Exercise instructions> All the lines below should appear again unchanged, though their pictures should not.

(Beginning of Available data)

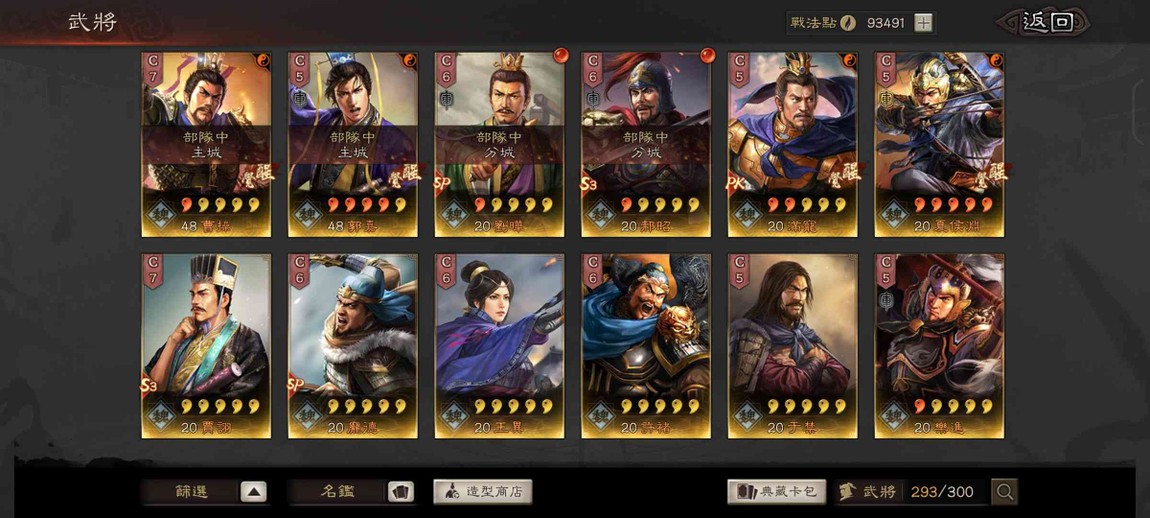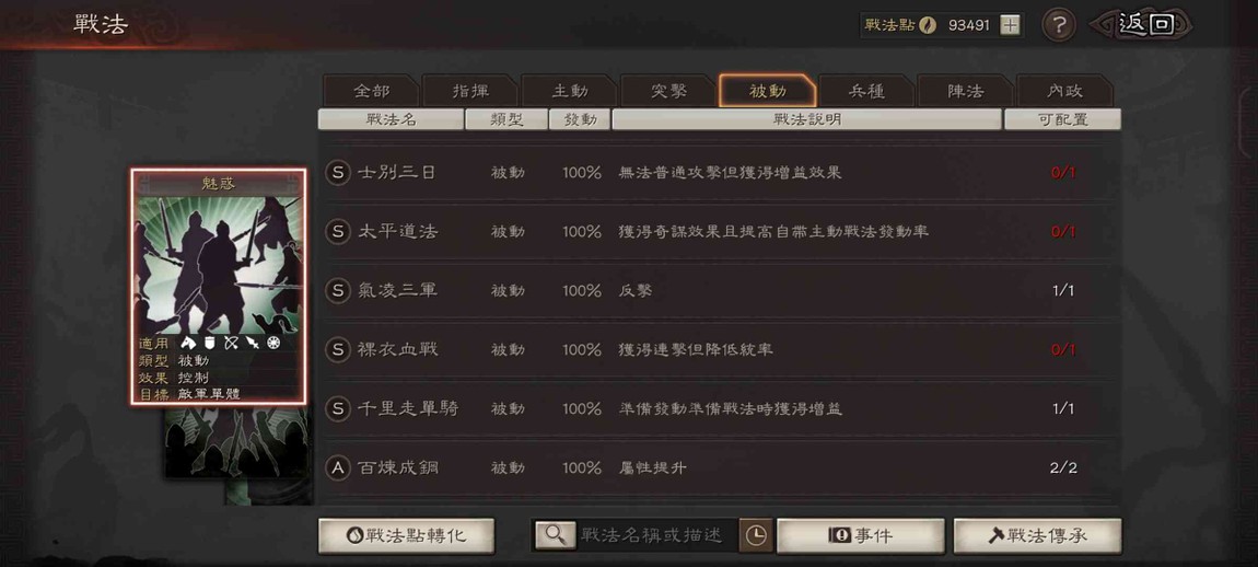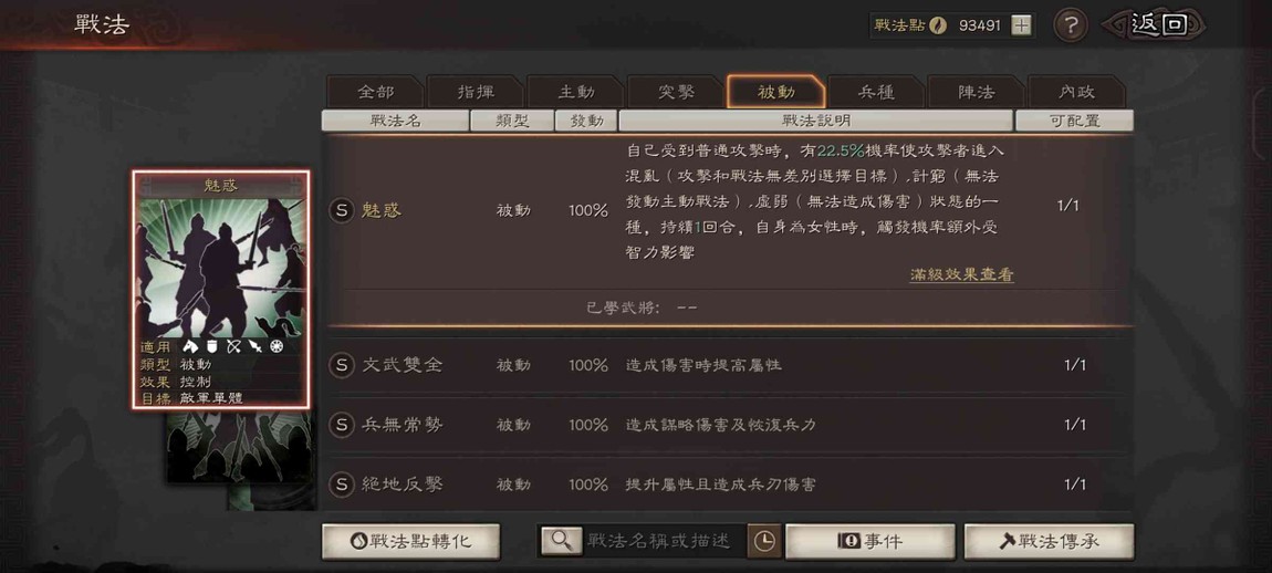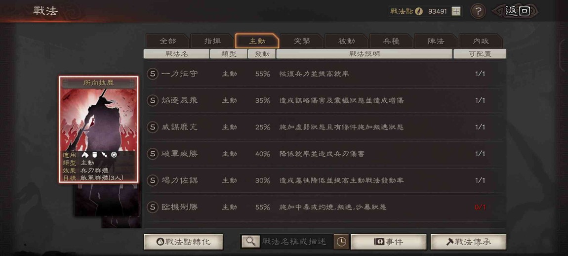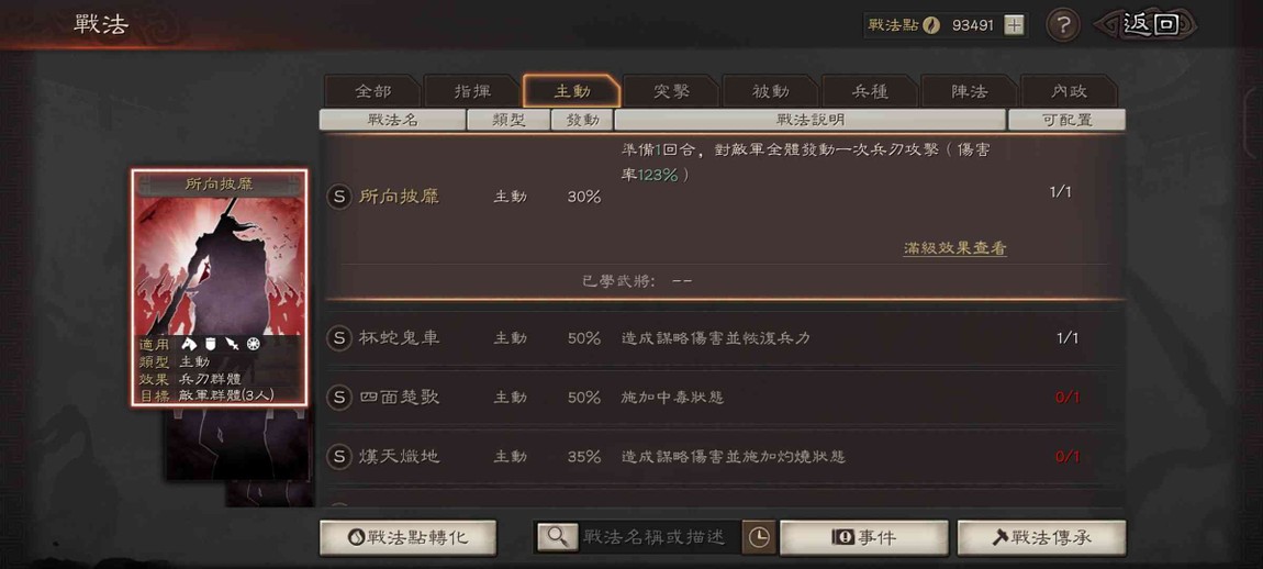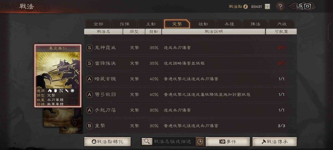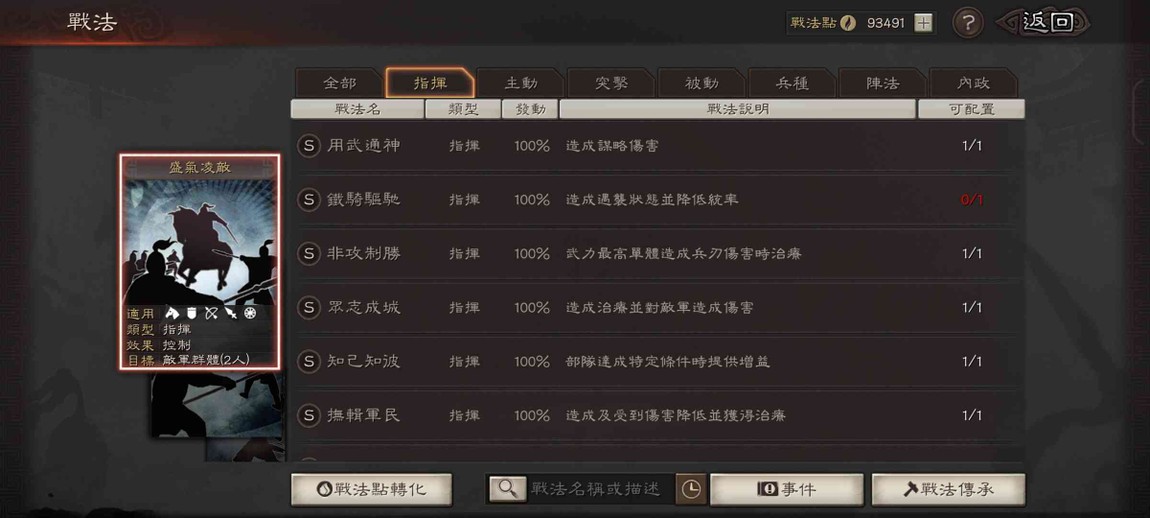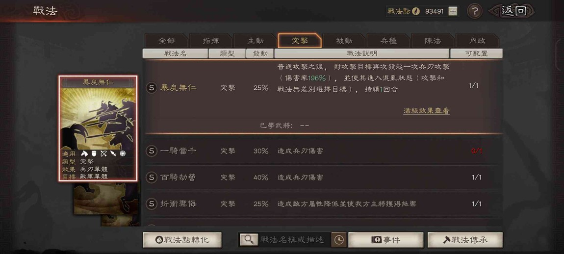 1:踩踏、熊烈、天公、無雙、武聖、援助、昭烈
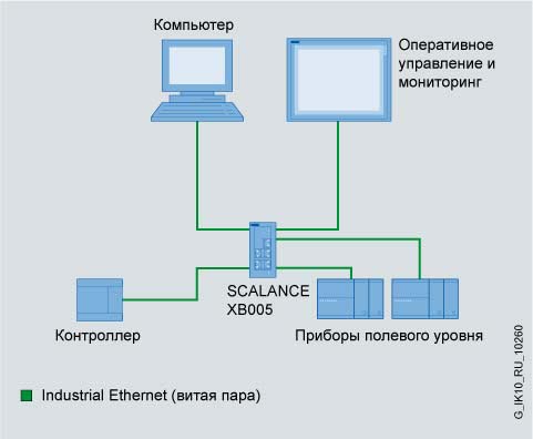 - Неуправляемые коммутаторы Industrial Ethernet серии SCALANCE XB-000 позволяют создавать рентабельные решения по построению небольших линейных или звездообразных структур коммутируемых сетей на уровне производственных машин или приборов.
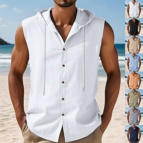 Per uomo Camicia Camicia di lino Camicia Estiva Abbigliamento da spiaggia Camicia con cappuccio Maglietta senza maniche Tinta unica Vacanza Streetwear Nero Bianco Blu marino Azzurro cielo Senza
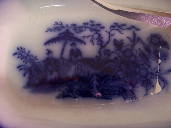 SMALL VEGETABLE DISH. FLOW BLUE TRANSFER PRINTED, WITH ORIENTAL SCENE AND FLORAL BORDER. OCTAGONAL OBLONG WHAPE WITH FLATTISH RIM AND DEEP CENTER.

(End of Available data)

Output for this exercise>
 1:踩踏、熊烈、天公、無雙、武聖、援助、昭烈
 - Неуправляемые коммутаторы Industrial Ethernet серии SCALANCE XB-000 позволяют создавать рентабельные решения по построению небольших линейных или звездообразных структур коммутируемых сетей на уровне производственных машин или приборов.
 Per uomo Camicia Camicia di lino Camicia Estiva Abbigliamento da spiaggia Camicia con cappuccio Maglietta senza maniche Tinta unica Vacanza Streetwear Nero Bianco Blu marino Azzurro cielo Senza
 SMALL VEGETABLE DISH. FLOW BLUE TRANSFER PRINTED, WITH ORIENTAL SCENE AND FLORAL BORDER. OCTAGONAL OBLONG WHAPE WITH FLATTISH RIM AND DEEP CENTER.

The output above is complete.